For a few months now, our bot has been having issues during Sundays. It begins every Sunday at 04:00 CET and ends every Monday at 04:00 CET. This coincides with a whole 24h Sunday time on BRT timezone (might be relevant due to bot demographics)
Would like to check with Kord if there is something that you can see that we are not seeing. Basically, this last Sunday, we grabbed a 10minute CPU profiling graph during a time the issue was happening. Today in the morning, I grabbed another 10min profile during a regular behavior time.

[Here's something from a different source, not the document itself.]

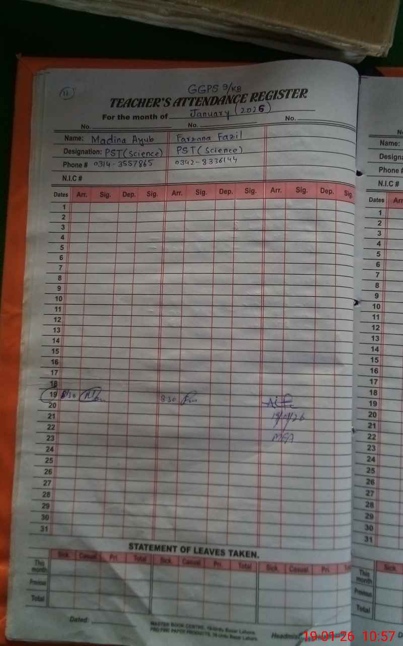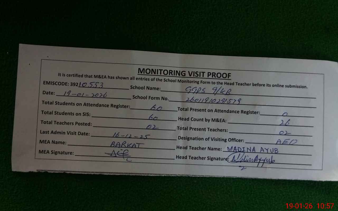 | Remarks (Use Separate Page if Required): NSB and FTF record uncomplet books are not issued to this school No attendance Mark at register from KG to 5 class | |||||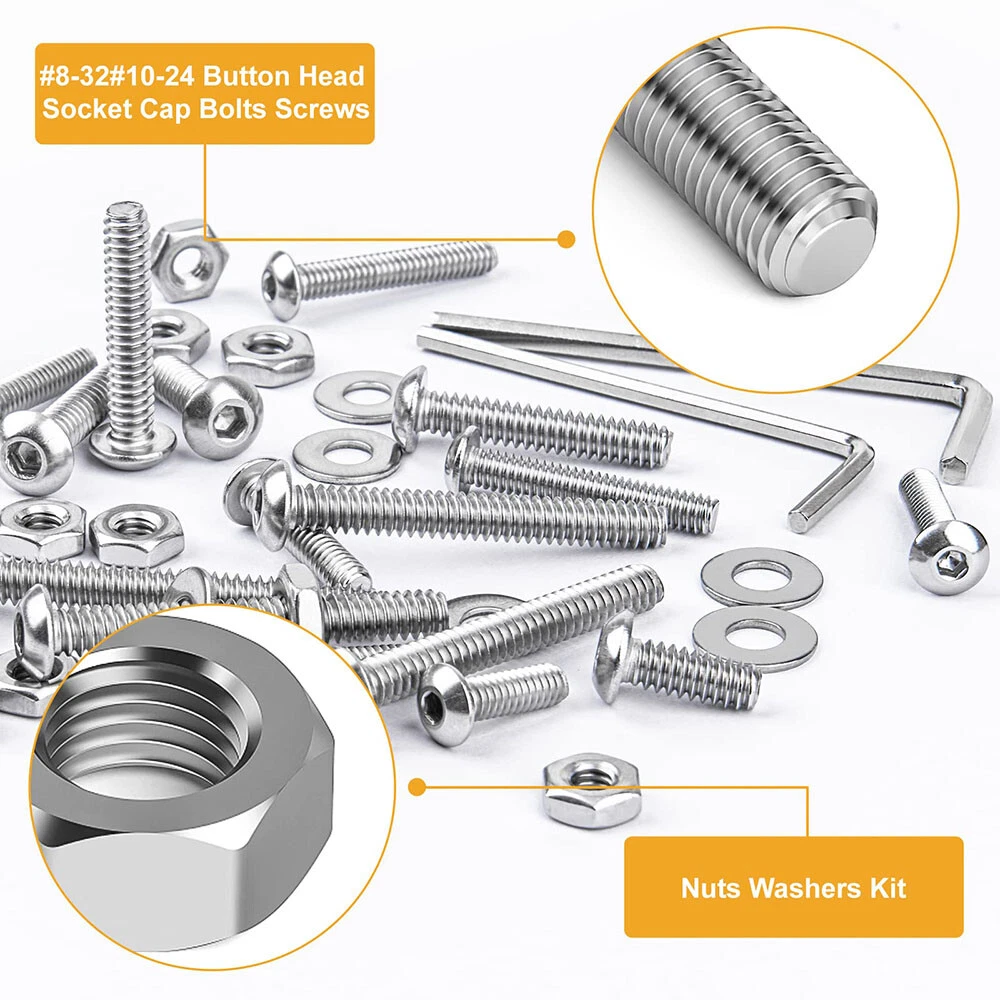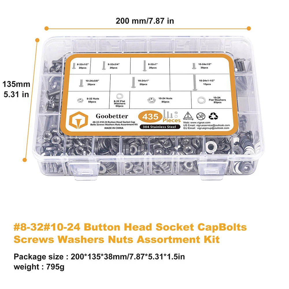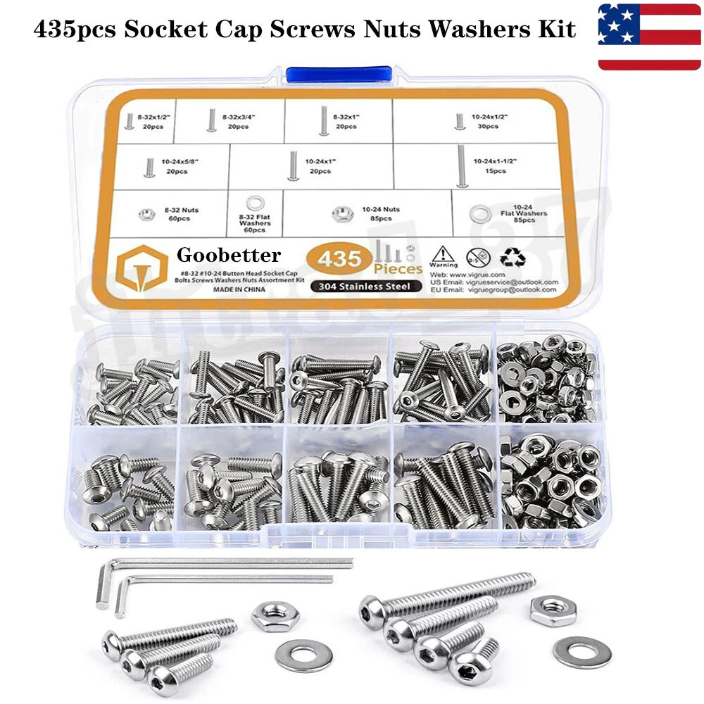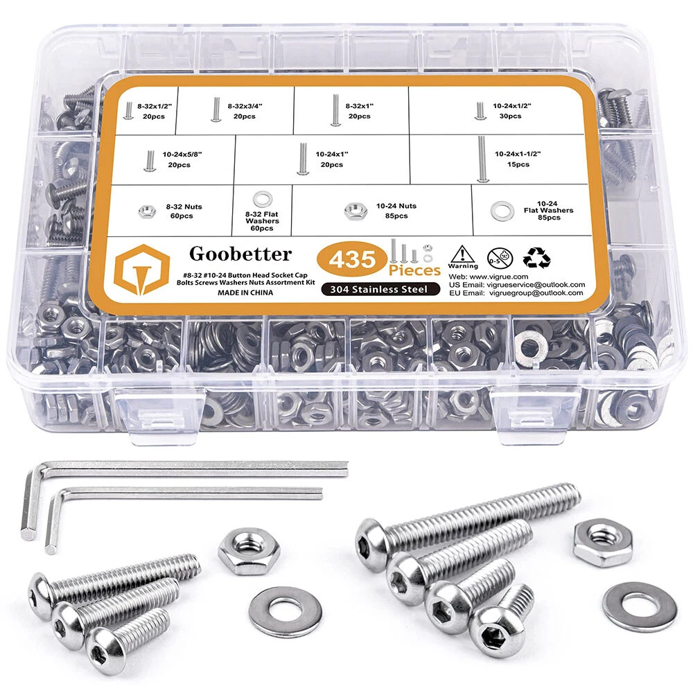 435pcs Button Head Screws Hex Nuts And Washers Kits Stainless Steel Socket Bolts Features : -All hardware nuts bolts and washers are made of high-quality stainless steel, which is high-strength, corrosion-resistant, rust-proof, sturdy, and can maintain good performance in harsh environments and is durable. -Assorted bolts and nuts are compact in design and uniform in force, with precise deep threads, not easy to deform and slip during work; nuts and washers can increase surface contact area, reduce wear, protect screw bolts and other fasteners. -All stainless steel socket head cap bolts, nuts and washers are placed in a transparent plastic box with size labels, neatly arranged so that you can quickly pick the size you need, easy to use, find and carry, not easily confused. - Our assortment of hexagon socket screws can be widely used in home and office equipment, communication equipment, ship assembly, machinery industry, furniture, automobile and motorcycle maintenance, DIY, etc. Ideal for professionals, repairmen, hobbyists, landlords, carpenters, construction workers. Specification: -Material: 304 stainless steel -Drive Type: allen hex socket Size:#8-32,#10-24 -Quantity: 435pcs Package Includes: 20pcs #8-32 x 1/2 Button Head Screws 20pcs #8-32 x 3/4 Button Head Screws 20pcs #8-32 x 1" Button Head Screws 30pcs #10-24 x 1/2" Button Head Screws 20pcs #10-24 x 5/8" Button Head Screws 20pcs #10-24 x 1" Button Head Screws 15pcs #10-24 x 1-1/2" Button Head Screws 60pcs #8-32 Hex Nuts 60pcs #8-32 Flat Washers 85pcs #10-24 Hex Nuts 85pcs #10-24 Flat Washers About us Payment Delivery details Terms of sales Contact us About us 1.Hello Dear Customer and Welcome to GooBetter !: we have been engaged in online sales of hardware fasteners for more than 10 years, if you need a large number of or customized hardware products, please contact us, we can provide good prices and better service. 2.If you are satisfied with the products, I expect you can leave us positive feedback. 3.If you have any problems or be not satisfied with them, please feel free to contact us, we will reply to you within 24 hours. Payment 1.We accept multiple payment methods supported by the Ebay platform. 2.Items will go to post within 1-2 business days after payment confirmed. 3.Please leave note when making the payment if you have any special request (colors/size). Delivery details 1.We use USPS , and we are committed to providing our customers with a better shipping service. 2.We want every customer to receive their purchased products as soon as possible.If you do not receive your shipment in time( because transit time is highly depended and provided by Postal Service (except weekends and holidays)).Please contact us at the first time, we will give you a satisfactory answer. Terms of sales 1.If you are not satisfied with the item, please contact us. 2.We will offer a Full Refund to you when we receive your returned item. 3.Any problem, please feel free to contact us. 4.We are committed to providing better products and services to our customers. Contact us 1.Normally, we leave positive feedback for you once payment received. We are also hope that you can do me the same. Your support will keep us moving forward forever. 2.If you are not satisfied when you receive your item, please return it within 30 days for a replacement or money back. Please contact me before you return it. 3.If the shipping delay happened, we’re willing to pay refund or resend new item(s).

Comparing both, we could notice that during the issues, the bot had 25% CPU time usage on the
DefaultGatewayEventInterceptor.handle
DefaultGatewayEventInterceptor.handle
and
GuildEventHandler.handle
GuildEventHandler.handle
methods. When doing a 5minute profile with a heavy extension of our bot disabled, this number grew up to 42% of CPU time used by these methods.
On regular behavior, these methods are taking only 6% of the CPU.
For some visual, i am attaching what it looked like in the past 2 Sundays. This is how it looks like every Sunday for the past couple months for us Interaction Latency means how long ago was the command created, based on the time the bot handled it Because of the spike in how long it takes for the bot to handle, a huge percentage of our users are affected because it takes more than 3s to react, therefore returning "the application did not respond"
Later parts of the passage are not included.